Records from a data source
==================================================

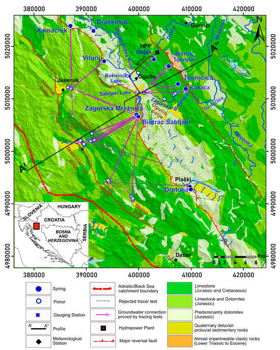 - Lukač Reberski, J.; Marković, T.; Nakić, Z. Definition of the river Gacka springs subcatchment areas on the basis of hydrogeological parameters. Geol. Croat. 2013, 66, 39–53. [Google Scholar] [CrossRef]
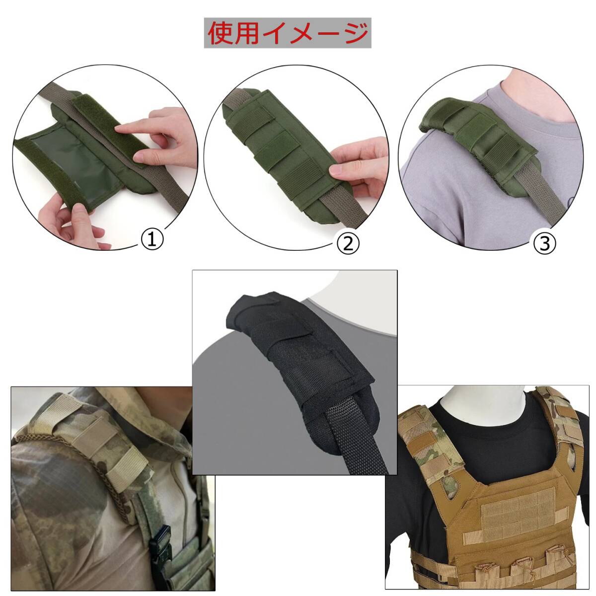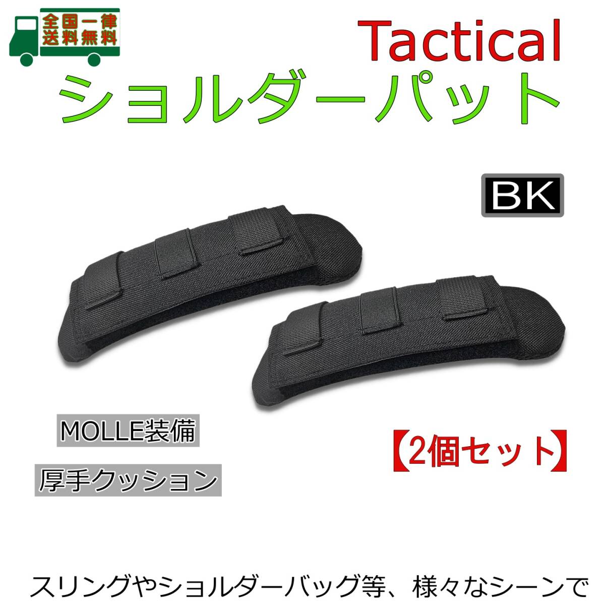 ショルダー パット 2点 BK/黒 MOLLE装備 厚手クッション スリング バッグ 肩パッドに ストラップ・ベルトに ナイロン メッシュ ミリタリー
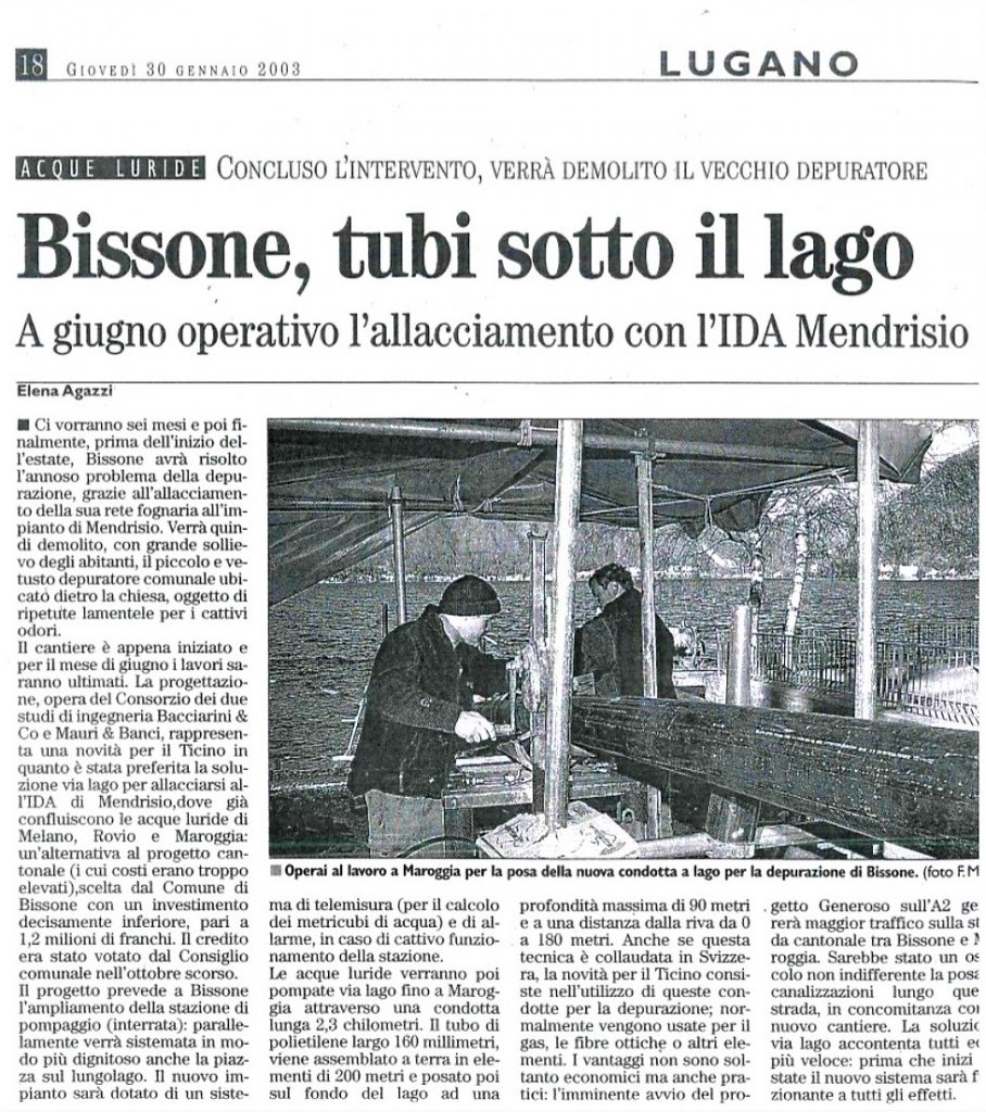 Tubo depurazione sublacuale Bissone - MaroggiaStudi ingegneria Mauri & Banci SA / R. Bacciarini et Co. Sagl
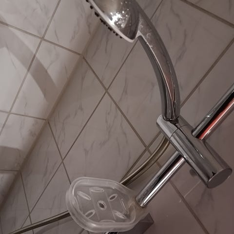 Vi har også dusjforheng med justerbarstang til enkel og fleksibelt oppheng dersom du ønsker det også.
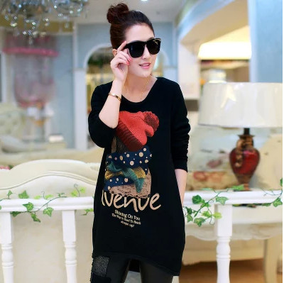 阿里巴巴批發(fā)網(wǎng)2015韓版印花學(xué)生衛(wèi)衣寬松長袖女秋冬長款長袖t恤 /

==================================================

Reproduce exactly the entries from their first line through the line containing "Tubo depurazione sublacuale", including both, and omit any pictures.

▸ **RESPONSE TO THIS EXERCISE**:
 - Lukač Reberski, J.; Marković, T.; Nakić, Z. Definition of the river Gacka springs subcatchment areas on the basis of hydrogeological parameters. Geol. Croat. 2013, 66, 39–53. [Google Scholar] [CrossRef]
 ショルダー パット 2点 BK/黒 MOLLE装備 厚手クッション スリング バッグ 肩パッドに ストラップ・ベルトに ナイロン メッシュ ミリタリー
 Tubo depurazione sublacuale Bissone - MaroggiaStudi ingegneria Mauri & Banci SA / R. Bacciarini et Co. Sagl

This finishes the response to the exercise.